In the latest redistricting, the fast-growing suburbs of State College were pulled into the 81st House District (shown in pink), leaving the borough, in the 77th House District, connected to the rest of that district only by a thin swath consisting mostly of state game lands.

Residents of the rapidly growing State College suburbs -- Ferguson's population increased 34 percent between 2000 and 2010 -- likely have different legislative priorities than, say a rural resident or farm owner in Huntingdon County.

Michaels said he believes the districts were redrawn in part to protect Republican seats.
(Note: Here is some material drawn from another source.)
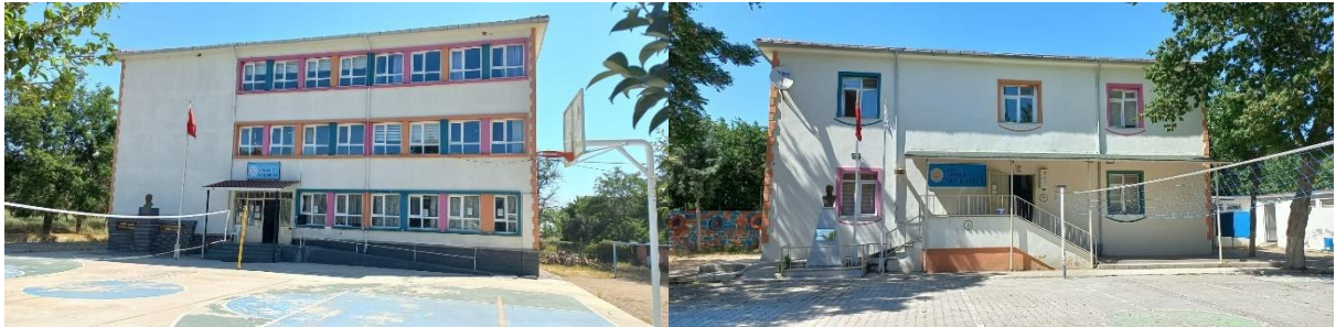
Şekil 10. Kumkale Köyü ilk ve orta dereceli okul yapıları (Orijinal, 2022).

Ortak Mekân Kullanımları: Tüm köylerde okul binası mevcuttur ancak atıl durumdadır. Kumkale dışındaki tüm köylerin ilk ve orta eğitimi taşınabilir sistem ile Kumkale Köyü'nde yapılmaktadır (Şekil 10).

While Conklin's district after the last reapportionment may actually be safer -- his district would have lost Republican voters, while retaining the heavily Democratic State College, Michaels said both he and Conklin would prefer the old district.
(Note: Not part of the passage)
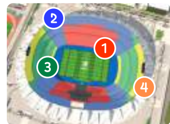
スタッド・ド・フランス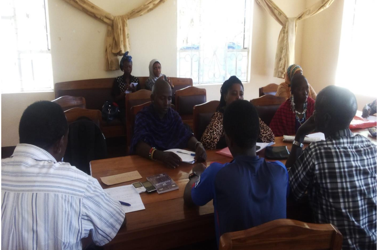
KAMATI YA MRADI MANYARA IKIWA KATIKA MCHAKATO WA KUPITISHA MIRADI YA KITARAFU

"The reality of it all is that swaths of his district which he represented faithfully now have to go to Huntingdon, and that makes no sense to us at all," Michaels said.

The State College School District itself is crossed by four state House districts --  emblematic of some of the problems associated with politically drawn districts, said Amanda Paveglio, the coordinator for the Fair Districts PA Centre County chapter.

"So if the school district is looking to try and get something done, how many people do they need to talk to?," she said. "Or, with the budget impasse, how many legislators do they need to call and beg to pass school funding? It's challenging enough when there's just one legislator representing your school district, but when there's [more], and they're at odds, how does that work?"